The potential protective effects of calcitonin involved in coordinating chondrocyte response, extracellular matrix, and subchondral trabecular bone in experimental osteoarthritis.

Previous reports indicate a potential role for calcitonin (CT) in the treatment of osteoarthritis (OA). To evaluate this potential therapeutic role, we investigated the effect of CT pretreatment on the activation of mitogen-activated protein kinase (MAPK) signaling and the expression of matrix metalloproteinase-13 (MMP-13) in interleukin-1β (IL-1β)-induced chondrocytes, and further assessed its protective effect in a rat model of anterior cruciate ligament transection (ACLT), using sham-operated and saline-treated controls. Using western blotting in vitro, we found that CT pretreatment inhibited the IL-1β-induced phosphorylation of 38,000-dalton protein (p38) and extracellular regulated protein 1/2 (ERK1/2) and reduced the expression of MMP-13 protein.

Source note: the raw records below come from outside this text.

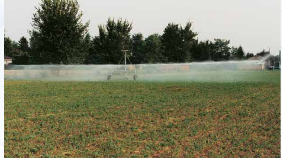
Steel boom with 30-metre structure
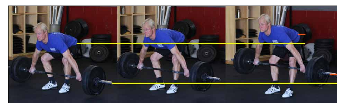
Notice that the bar and hips rise at the same rate, the back angle doesn't change, and the bar stays in contact with the shins.

CrossFit is a registered trademark of CrossFit, Inc. © 2008 All rights reserved.
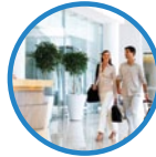
Hospitality & Entertainment
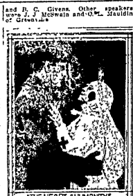
CLARA KIMBALL YOUNG in "THE ROAD THROUGH THE DARK" at the Rialto Theater.

Clara Kimball Young in "The Road Through the Dark," will be seen at the Rialto Theater Monday. The play is a most successful one and is well received by the audience.
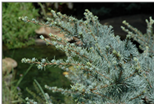
Horstmann Blue Atlas Cedar foliage
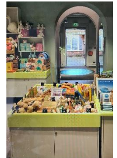
Modern Museum Shop
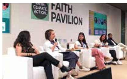
SGI-UK representative speaks on interfaith panel at COP28 in Dubai, UAE

These proposals give impetus and direction to the organization's grassroots efforts to tackle global problems and build the culture of peace.
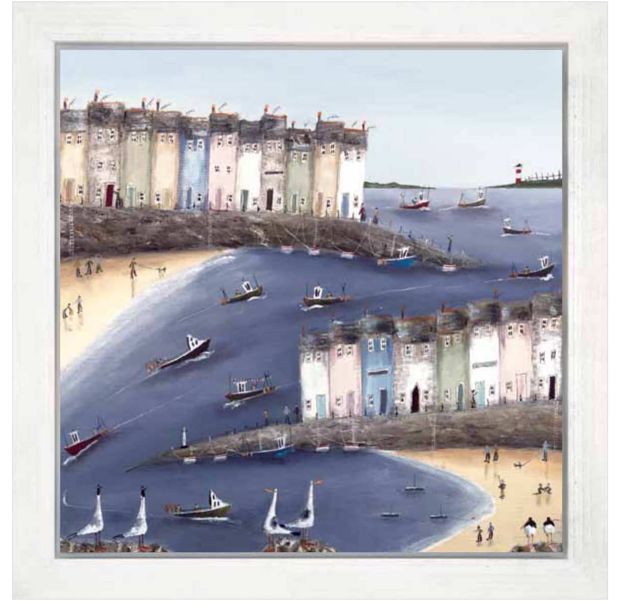
Home's Deep Waters • Box Canvas • Edition Size 195 • 32" x 32" • £595 • Framed Option £715
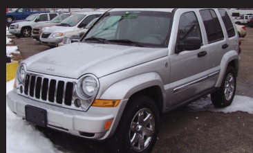
2006 JEEP LIBERTY LTD. 4x4, Sporty SUV AS LOW AS $199 A MONTH

For the in vivo experiment, 30 male rats were randomly divided into three groups of 10, subjected to bilateral ACLT or sham surgery, and then treated for 12 weeks with subcutaneous injections of CT or normal saline. Histological observations showed that CT treatment reduced the severity of the cartilage lesions stemming from the ACLT surgery and provided a lower Mankin score when compared with that determined for rats in the saline-treated ACLT group. Immunohistochemical staining revealed that CT treatment increased type II collagen expression and decreased MMP-3 and a disintegrin and metalloproteinase with thrombospondin motifs-4 (ADAMTS-4) expression when compared with the saline-treated group. Subchondral bone analysis indicated that CT treatment inhibited the reduction in bone mineral density observed in the saline-treated ACLT group and reduced the ACLT-induced destruction to the subchondral trabecular microstructure. Our data demonstrate that CT induces its protective effects by reducing the chondrocyte response to inflammatory stimuli, cartilage extracellular matrix degradation, and subchondral trabecular microstructure damages brought on by OA.